** DATA PROVIDED **
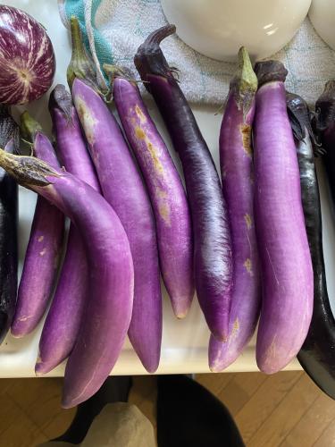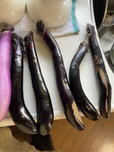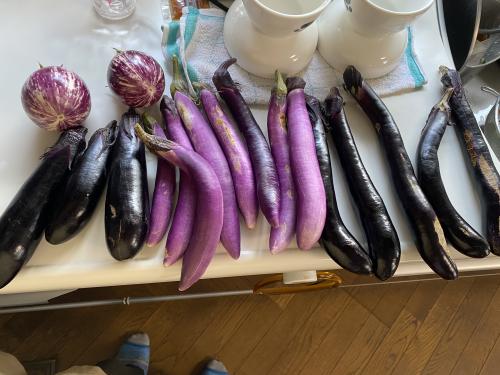 お茄子たち、色々と採れました♪ マー坊とカリオペ、ボケてる?よねw。
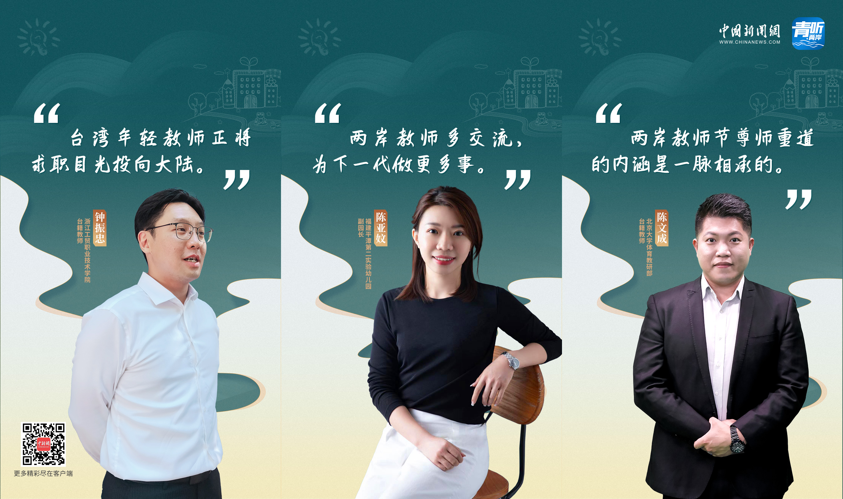 教師節(jié)這天,北京大學(xué)體育教研部教師陳文成、浙江工貿(mào)職業(yè)技術(shù)學(xué)院教師鐘振忠、福建平潭第二實(shí)驗(yàn)幼兒園副園長(zhǎng)陳亞妏,三位臺(tái)籍教師做客中國(guó)新聞網(wǎng)《青聽·兩岸》欄目,分享了他們“登陸”做老師的故事。
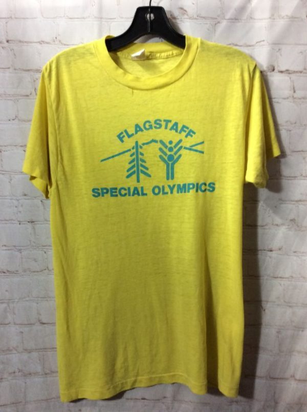 RETRO CHED T-SHIRT, 50/50 BLEND, SUPER SOFTY, SCREEN PRINTED FLAGSTAFF SPECIAL OLYMPICS FRONT DESIGN, YELLOW/BLUE, SIZE S AS IS
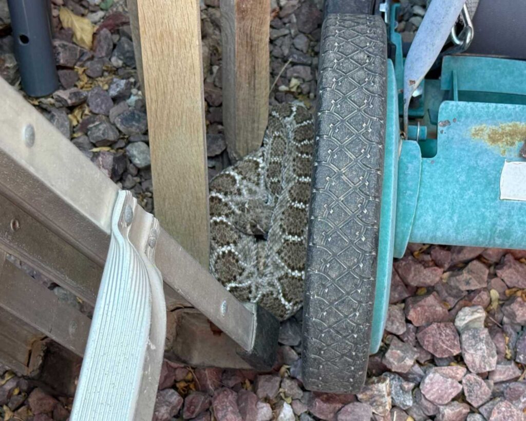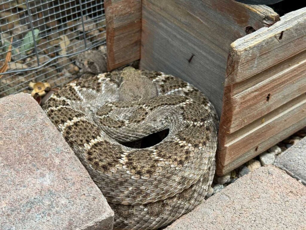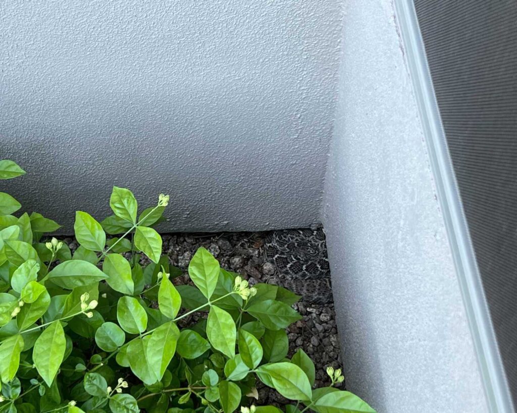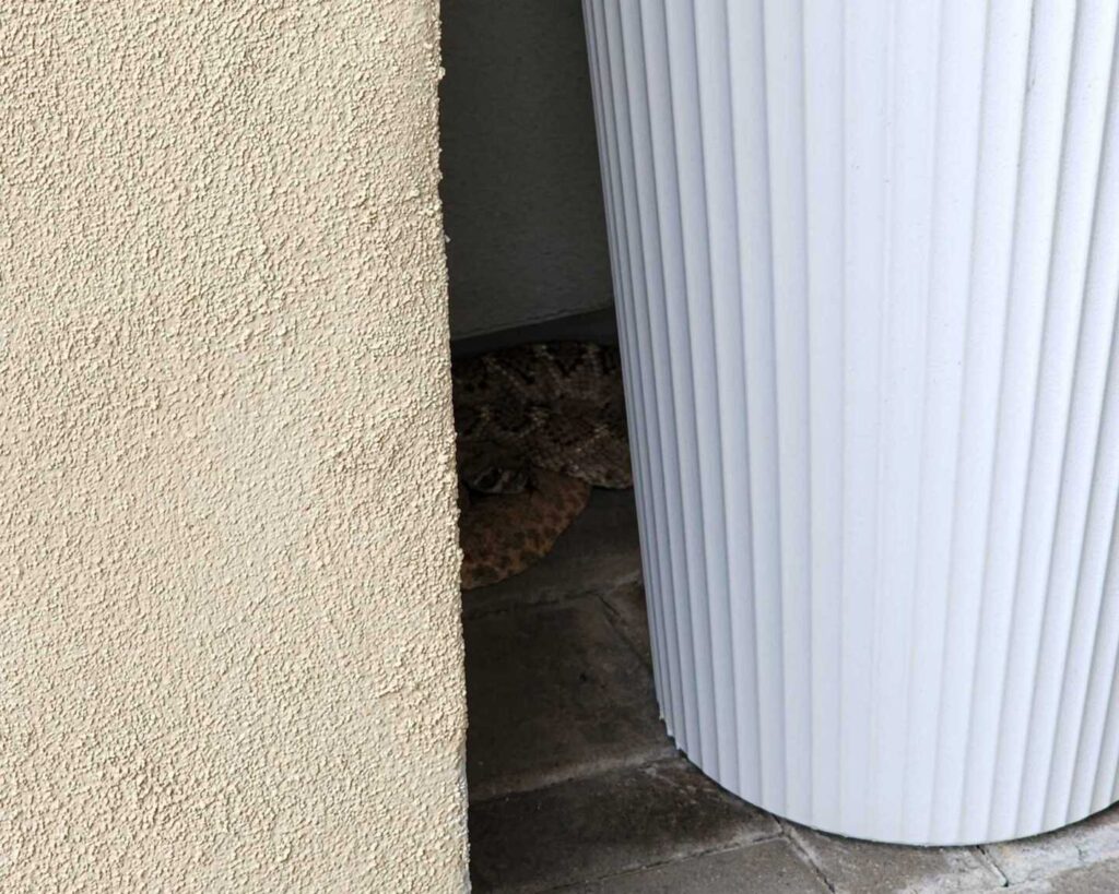 A Western Diamondback Rattlesnake coiled up behind a pot by the front door. These situations are easy hiding spots that snakes can use to get out of the sun for the day. Cheyenne helped this one get to better surroundings.

** TASK INSTRUCTIONS **
Starting with the line that holds "教師節(jié)這天,北京大", reproduce exactly each line up to and including the last line of the material above, and drop the pictures.

** RESPONSE AREA **
 教師節(jié)這天,北京大學(xué)體育教研部教師陳文成、浙江工貿(mào)職業(yè)技術(shù)學(xué)院教師鐘振忠、福建平潭第二實(shí)驗(yàn)幼兒園副園長(zhǎng)陳亞妏,三位臺(tái)籍教師做客中國(guó)新聞網(wǎng)《青聽·兩岸》欄目,分享了他們“登陸”做老師的故事。
 RETRO CHED T-SHIRT, 50/50 BLEND, SUPER SOFTY, SCREEN PRINTED FLAGSTAFF SPECIAL OLYMPICS FRONT DESIGN, YELLOW/BLUE, SIZE S AS IS
 A Western Diamondback Rattlesnake coiled up behind a pot by the front door. These situations are easy hiding spots that snakes can use to get out of the sun for the day. Cheyenne helped this one get to better surroundings.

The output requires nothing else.